La novela es el único género que yo conozco capaz de integrar a todos los demás géneros —y de trascenderlos—. Así la inventa Cervantes, como un género de géneros, como un banquete con muchos platos, y así es como intento practicarla yo.
Todas mis novelas son policiales porque en el corazón de todas hay un enigma —y alguien que intenta descifrarlo—.
JAVIER CERCAS
Es un libro singular en muchas dimensiones pero sobre todo porque te lanzas en un proyecto de escritura que está condicionado por la decisión de otra persona, y no cualquiera ya que se trata del papa: quieres que Francisco acepte hablar unos minutos a solas contigo. ¿Es la primera vez que te lanzas en la escritura de un libro que dependía de una decisión arbitraria de otra persona y podía por tanto «carecer de sentido» como dice el narrador en un momento?
Como en muchos de mis libros, como lo has dicho hace un momento, yo explico el propio proceso de hacerse el libro. Ese proceso forma parte de la narración, porque me parece obligatorio y necesario.
Es una muy buena pregunta. No sé si es la primera vez que me ocurre. Quizá me pasó con El Impostor: sin Enric Marco nunca hubiese podido escribir ese libro. Cuando yo escribo novelas sin ficción, hay una dependencia de las decisiones y actuaciones de otras personas. Con las novelas sin ficción te enfrentas a problemas con los que no te enfrentas en las novelas con ficción.
Esto no lo he dicho estos días pero te lo digo a ti: las novelas sin ficción presentan unas dificultades que pueden convertirse en ventajas. El ejemplo es este libro. Cuando me ofrecieron esta posibilidad, lo primero que pensé era que quería hablar con el papa, hacerle una entrevista y hablar sobre todos los temas que se me ocurrirían.
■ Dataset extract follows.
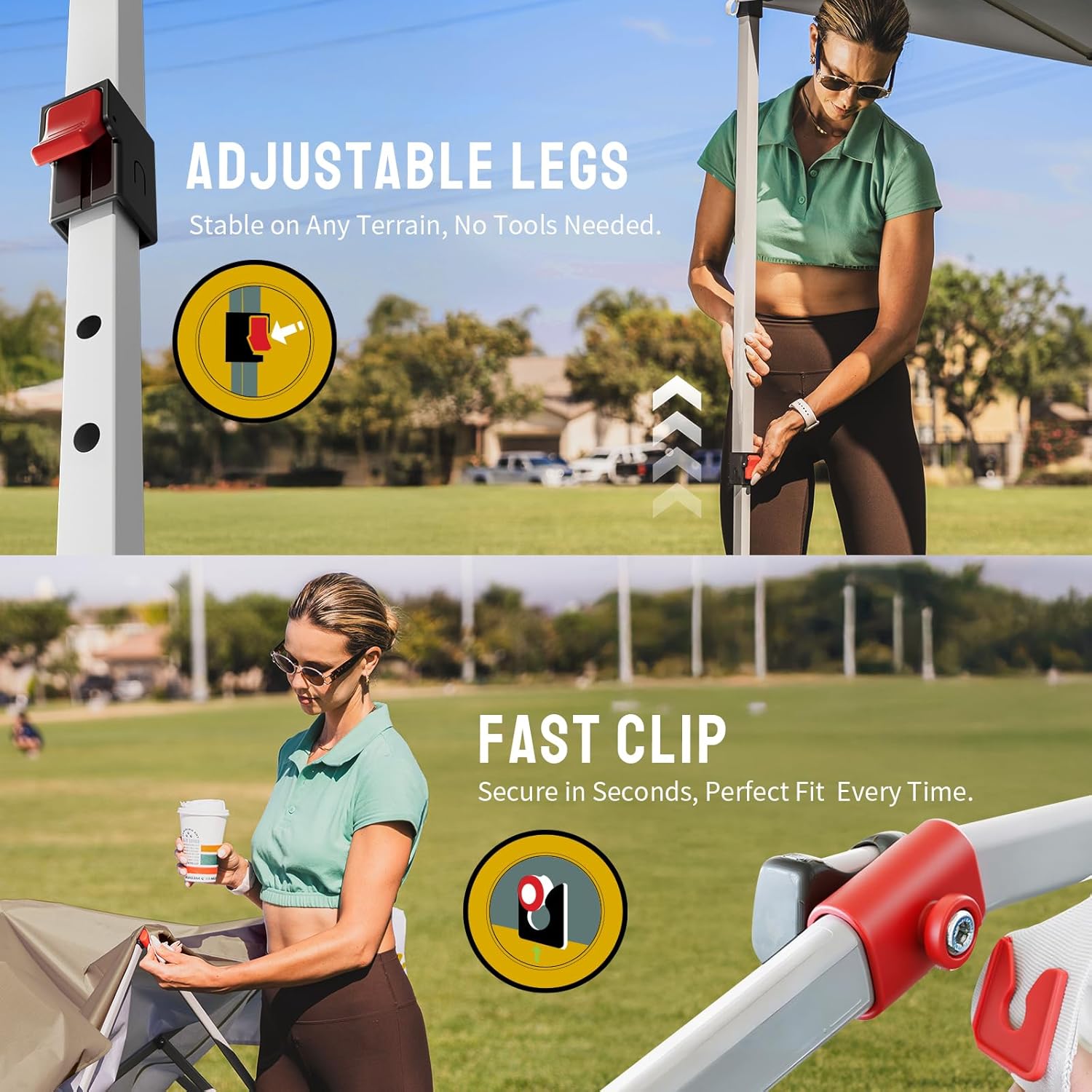 - ONE BUTTON EASY SET UP - Our 8x8 pop up canopy tent features patented one push center lock tech. With just a single push, the central hub locks the poles in place. Designed for the next generation, this outdoor canopy for patio can be set up by two people in seconds without any tools. Three adjustable height settings with soft, pinch-free buttons ensure convenience and safety, making it perfect for camping, beach outings, craft fairs, tailgating, farmer markets, outdoor BBQs, and more

Pero inmediatamente, en cuanto empecé a sumergirme en la bibliografía —que es inmensa—, en la vida del papa, en las biografías, en los textos que ha escrito, etc. me sorprendió la cantidad de entrevistas que había dado este hombre. Los papas no suelen conceder entrevistas, no escriben autobiografías. Esto estaba fuera por completo de lo que es un papa —y dice mucho de él—.
Entonces, en un momento determinado, me di cuenta de que no era interesante hacerle otra entrevista. Cuando llegué al Vaticano por primera vez y hablé allí con los más altos responsables, ellos me preguntaban sobre qué quería hablar con el papa. Yo les decía: sobre la resurrección de la carne y la vida eterna.
Quiero preguntarle si mi madre verá a mi padre después de la muerte.

Todos se quedaban perplejos y me decían que de esto nadie le había preguntado. Me parece asombroso, porque si el papa es el papa es porque tiene una autoridad espiritual. Por eso la gente le escucha —no porque sea un político—. El papa no tiene ninguna capacidad para arreglar los problemas múltiples que tiene Europa o el mundo.
Esto no lo he dicho estos días pero te lo digo a ti: las novelas sin ficción presentan unas dificultades que pueden convertirse en ventajas.
JAVIER CERCAS
Y cuentas en el libro que al principio el papa se niega a ofrecerte unos minutos a solas.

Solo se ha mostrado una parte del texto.